Seattle Pacific University held its commencement Saturday, barely a week after the campus shooting that killed one student and injured two others. Although the school community continues to mourn, the commencement offered one bright spot: The university is creating the Jon Meis Scholarship to honor the Seattle shooting hero who stopped the gunman from harming more students. The announcement was made at Saturday's graduation ceremony, where Meis received not only his diploma, but also a standing ovation from students and their friends and family.
According to The Associated Press, the scholarship will be given to students majoring in engineering, Meis' field of study. Meis was working as a volunteer security guard when the alleged shooter, 26-year-old Aaron Ybarra, entered Otto Miller Hall June 5. As Ybarra paused to reload his shotgun, eyewitnesses said Meis pepper sprayed the shooter, then grabbed his neck and wrestled him to the ground. Meis held him down until authorities arrived.
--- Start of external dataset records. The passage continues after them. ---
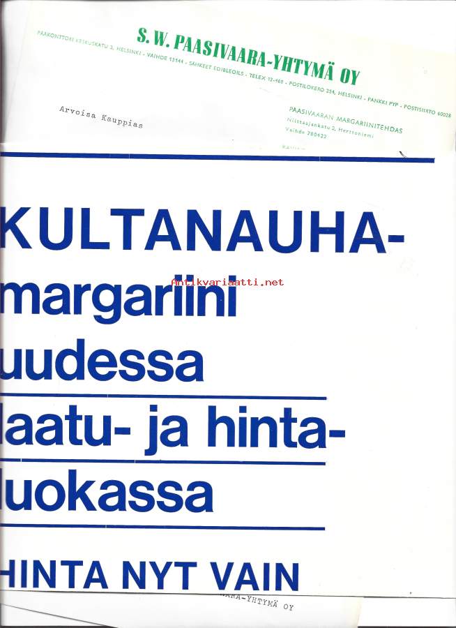 KULTANAUHA margariini - mainos ja liikekirja 1965
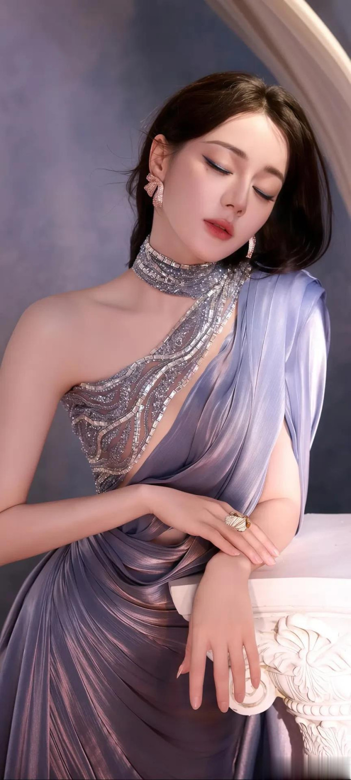 真钱三公 杨颖37岁寿辰写照曝光, 紫罗兰搭配白色旗袍惊艳全网
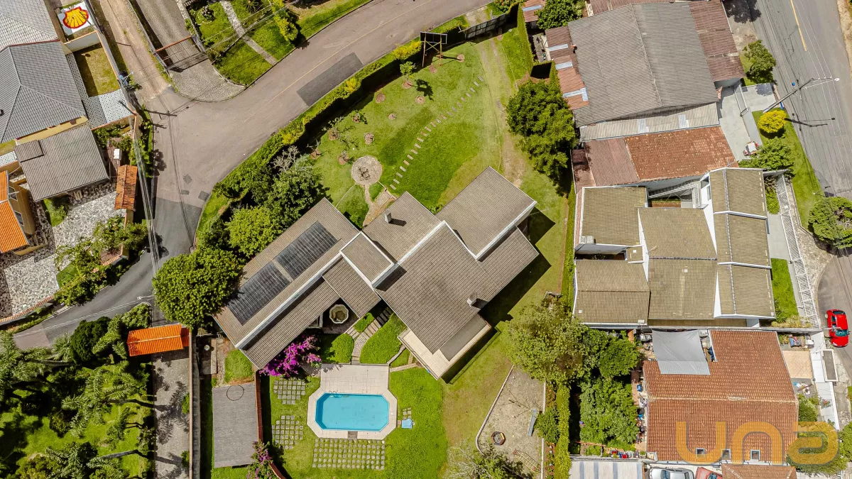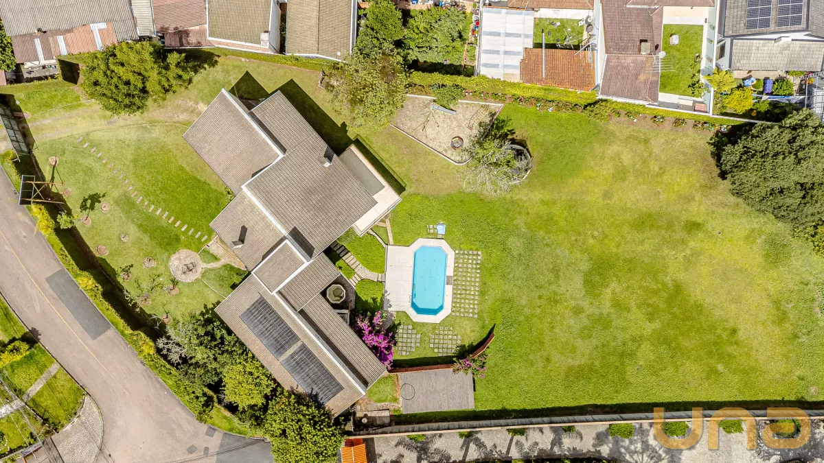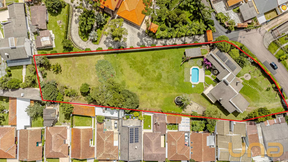 A residência é térrea, com aproximadamente 400 m² (sendo 287,50 m² averbados), construída num belíssimo terreno de 3.688 m², com as seguintes medidas - 50,50 x 99 x 24,10 + 102 x 24, topografia muito boa, praticamente plano.
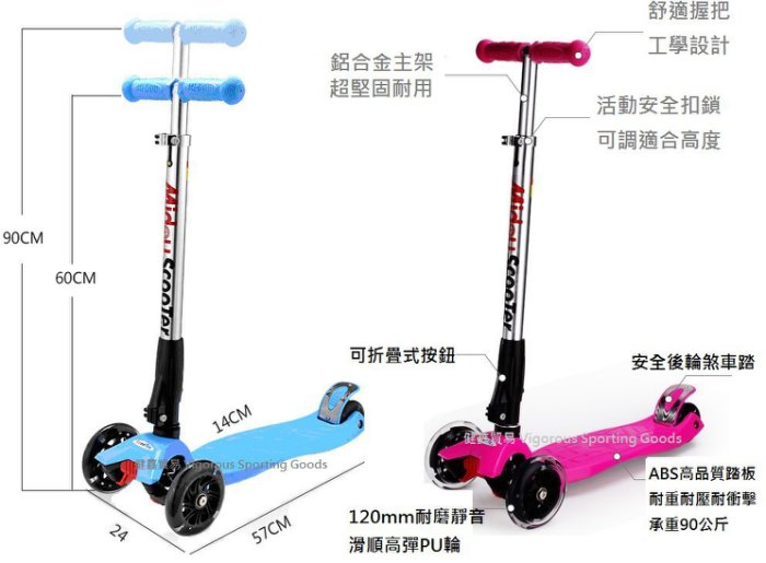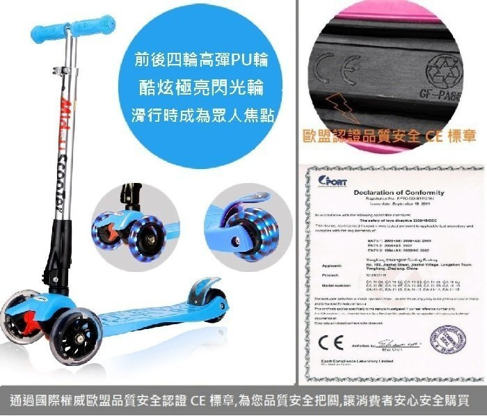 品名:風靡歐美SCOTTER兒童四輪滑板車(可調高度可折疊)二代升級頂級豪華款
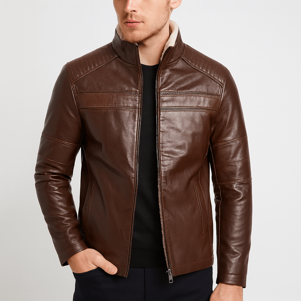 Oplev vores unikke læderjakke, designet til at fange opmærksomhed. Denne jakke er lavet af formet læder (PU), hvilket sikrer en autentisk følelse og stil. Den er designet til at blive bedre med tiden, og vores ekspertbelægning gør den modstandsdygtig over for vand og ridser. Jakken har en perfekt pasform, som sikres ved at give os dine mål, så vi kan tilpasse den til dig. Vi kontakter dig for at bekræfte målingerne, så du kan være sikker på, at du får den ideelle jakke.
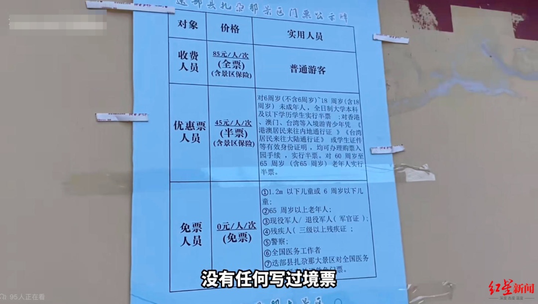 但他拍摄到的扎尕那门票收费标准中,并没有“过境票”一项。他认为,景区应该把“过境票”的规则解释得更清晰一些,以免有路过的行人不知道门票可以退,没有下车旅游,却还是花了门票钱。

The Seattle Police Department said there would have been more causalities if it wasn't for Meis' bravery and quick thinking. "Regular citizens stepped up, and they tried to do the right thing," said Assistant Chief Police Paul McDonagh in a press conference. "In this case, I believe they prevented an even more horrible tragedy.”
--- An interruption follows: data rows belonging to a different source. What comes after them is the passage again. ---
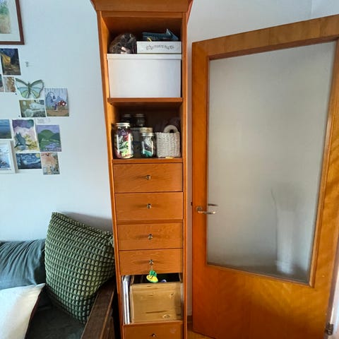 Hyväkuntoinen, kauniin ruskean sävyinen kaappi. Väri on valitettavasti vaikea saada täysin oikein esiin kuvissa.
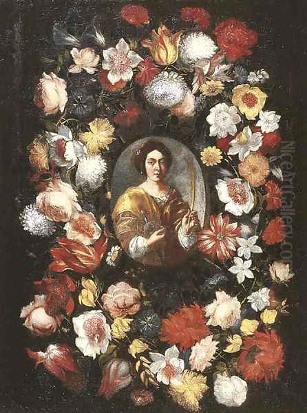 Roses, tulips, narcissi, carnations and other flowers in a garland surrounding a medallion of a female Saint
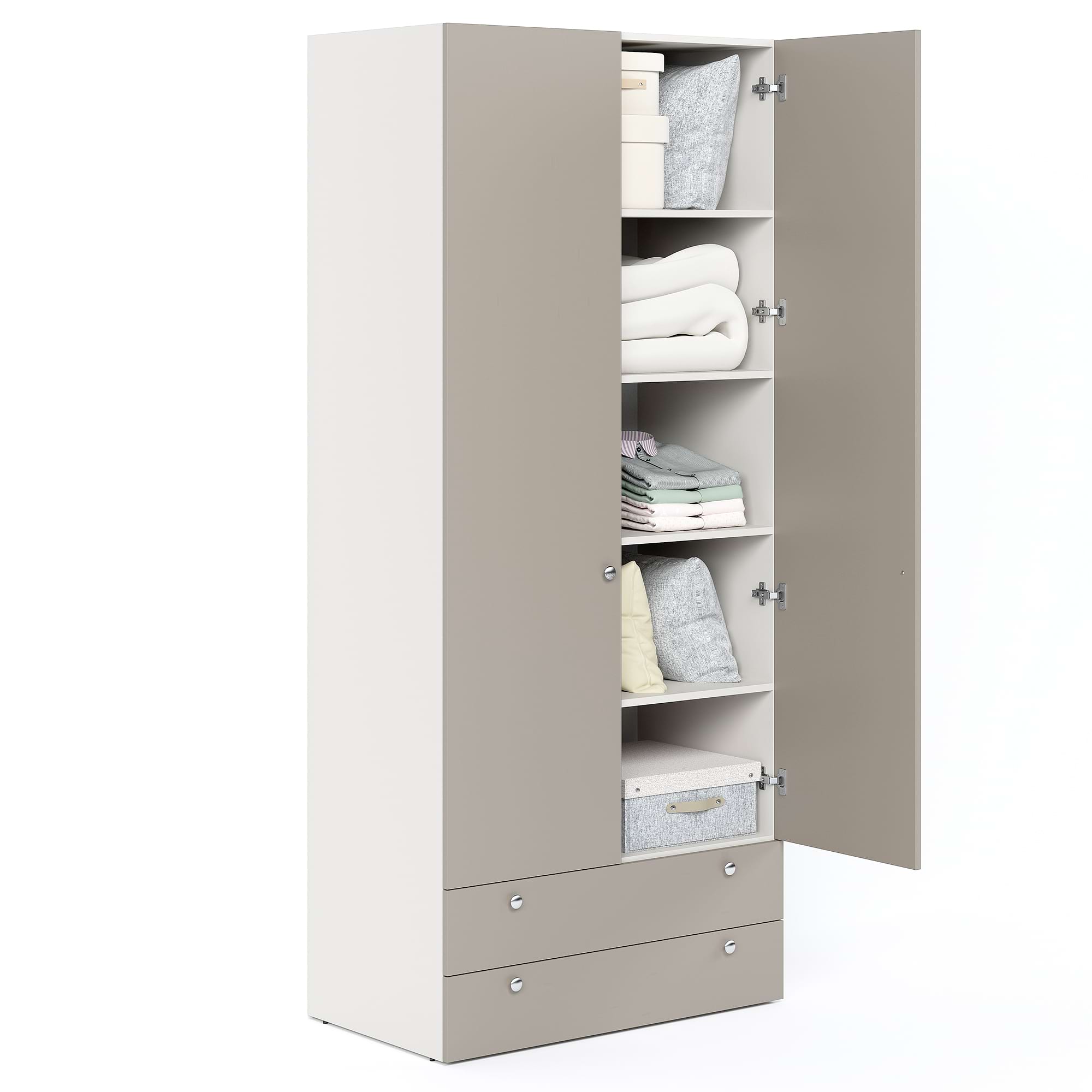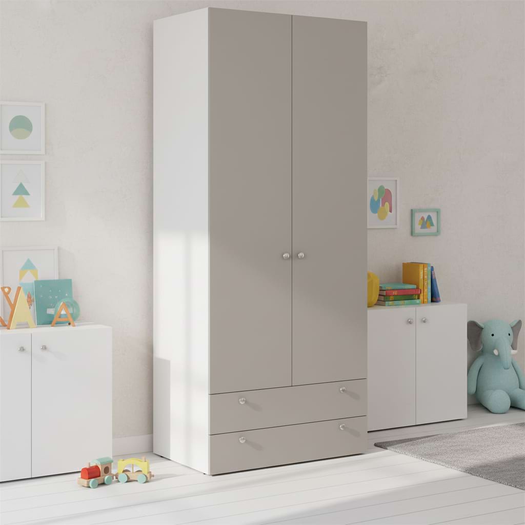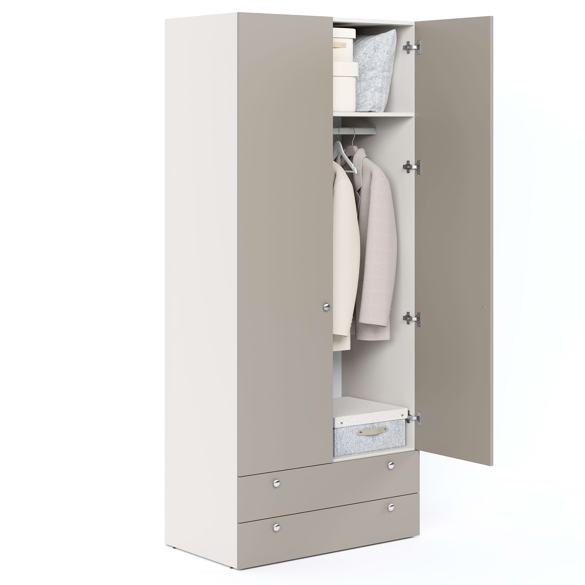 Dulap haine ARONA 90cm, adancime 50cm, inaltime 210cm, cu 2 usi si 2 sertare,  carcasa Alb Portelan si fronturi Gri Piatra.

Meis also received some astounding generosity last week. After news of his heroism spread, Meis' wedding registry was filled by anonymous donors thanking him for his actions. Meis and his fiancee are getting married June 21.
Seattle Pacific University commencement activities began Friday with an ivy cutting ceremony, a 92-year-old tradition for the small, private Christian college. Graduating seniors gather in Tiffany Loop, a tree-lined courtyard on campus, and are encircled by ivy. Faculty and administration members then cut the ivy connecting the seniors. Each graduate receives a sprig of ivy to keep.
According to the university, more than 1,200 students graduated on Saturday at Seattle's Key Arena. Marian Wright Edelman, founder of the Children's Defense Fund, gave the commencement address.